Helping create and maintain JHI’s SOX control environment across all in-scope SAP SOX systems.
Overseeing and managing the SAP GRC application to ensure it is fit for purpose for all interested parties’ requirements. This will involve constant collaboration with end users, control owners, information security, and internal audit
Other SAP GRC responsibilities include:
Responsible for operating SoX and ISAE 3402 controls.
Responsible for collaborating with control owners/ control operators to ensure the successful design and operating effectiveness of all SoX and ISAE 3402 controls.
Responsible for ownership of all SoD (Segregation of Duties) processes and collaborating with SoD risk and mitigating control owners to evidence the operation of regular oversight over SoD violations and mitigating actions & follow-up.
Ensuring that all control objectives within the DCT landscape are in place and operating as specified and helping coach control owners on changes that need to be made in the event a control is not operating as expected.
Partnering with internal and external audit to ensure all audit processes are documented, socialized, and adhered to with respect to the Finance and HR platforms
Participating in and facilitating audit activities and partnering with IT Product Owners to drive any remedial actions
Providing subject matter expertise in the SAP Security and GRC space to Internal and External Auditors and responsible for technical oversight, best practice guidance, and point of escalation as needed during project lifecycle, service management, and incident management
Assisting with the frequent reporting and tracking of the SAP SOX controls. Success candidate will have experience in IT internal and external audits and functional experience with SAP and have sound understanding of SOX requirements.
Identifying and implementing best practices to meet audit requirements in a timely manner.

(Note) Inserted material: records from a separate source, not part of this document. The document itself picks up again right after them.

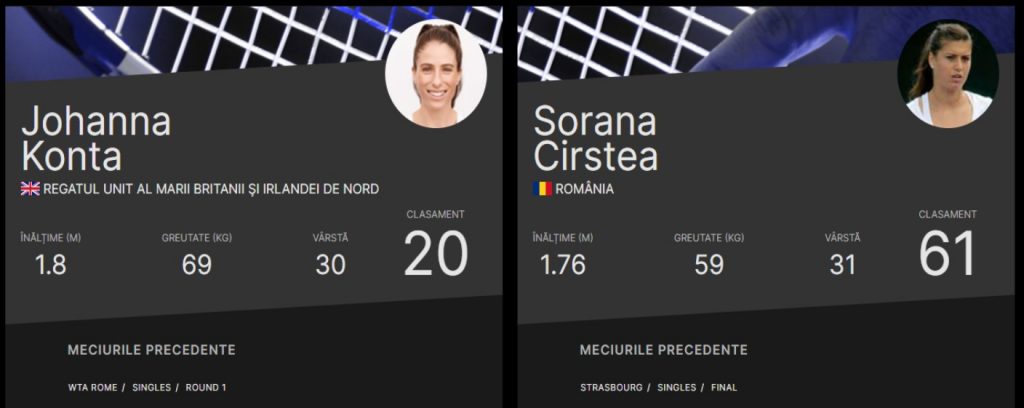 În 2021, Sorana Cîrstea (n.m. nr.53 WTA, a fost 61 WTA, până luni 31 mai) debutează la turneul de Mare Slem de la Roland Garros, în compania britanicei Johanna Konta (nr.20 WTA). Meciul va avea loc în data de 1 iunie, începând cu ora 11.00. Turneul parizian de Mare Slem debutează în data de 30 mai și încă din prima zi de competiție 2 românce vor intra în competitie. Ana Bogdan și Patrcia Țig vor juca în meciurile din primul tur de pe tablou de simplu feminin.
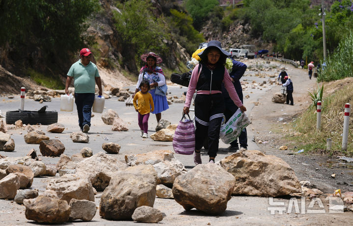 [코차밤바=AP/뉴시스] 27일(현지시각) 볼리비아 코차밤바 인근에서 에보 모랄레스 전 대통령 지지자들이 돌과 장애물로 도로를 막고 있다. 이들은 아동 학대 혐의를 받는 모랄레스 전 대통령이 형사 조사를 받지 못하게 방해하면서 이날 발생한 암살 시도에 항의하고 있다. 모랄레스는 앞서 차량 이동 중 무장 괴한들의 총격을 받아 그의 운전자가 부상한 것과 관련해 총격의 배후가 루이스 아르세 현 대통령이라고 주장했다. 2024.10.28.
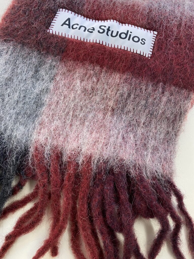こちらは、レッド、バーガンディー、ダークグレー、ホワイトが混じったストールです🧣

Designing IT testing procedures to identify and evaluate risk exposures in order to determine the efficacy and efficiency of controls.
Carry out additional duties as assigned.
Technical skills and qualifications
Minimum of 5 years working experience in IT Risk Management, SOX compliance, or auditing with a strong background in IT controls.
Bachelor's degree in Computer Science/Information Technology, Accounting or equivalent commensurate experience preferred.
5+ years, working experience with SAP GRC
5+ years’ experience in SAP Security Administration
Strong understanding of Sarbanes-Oxley (SOX) and other regulatory requirements that may impact SAP Security.
Experience developing security solutions that address Sarbanes-Oxley requirements.
Technical knowledge of SAP landscape and roadmap and a good understanding of IT Infrastructure and Information Security functions.
Experience in successful SOX implementation in project and support models and follow-up.
SAP CISA certification preferred.
Effective communication and technical leadership. Candidate must demonstrate a high level of communication skills, both verbal and written
Candidate must be able to mentor and coach other members of the team as well as possess the ability to communicate effectively with technical and business audiences interchangeably.
Strong organisation and planning skills.
Must have the ability to work with limited supervision and exhibit a strong sense of urgency.
Ability to maintain strict adherence to security requirements and policies.
Strong stakeholder management skills across all levels of the business.
Strong conceptual, analytical, problem-solving, troubleshooting, and resolution skills including transaction tracing, issue escalation, and problem diagnosis.
Documentation and presentation skills catered to a diverse technical and business audience.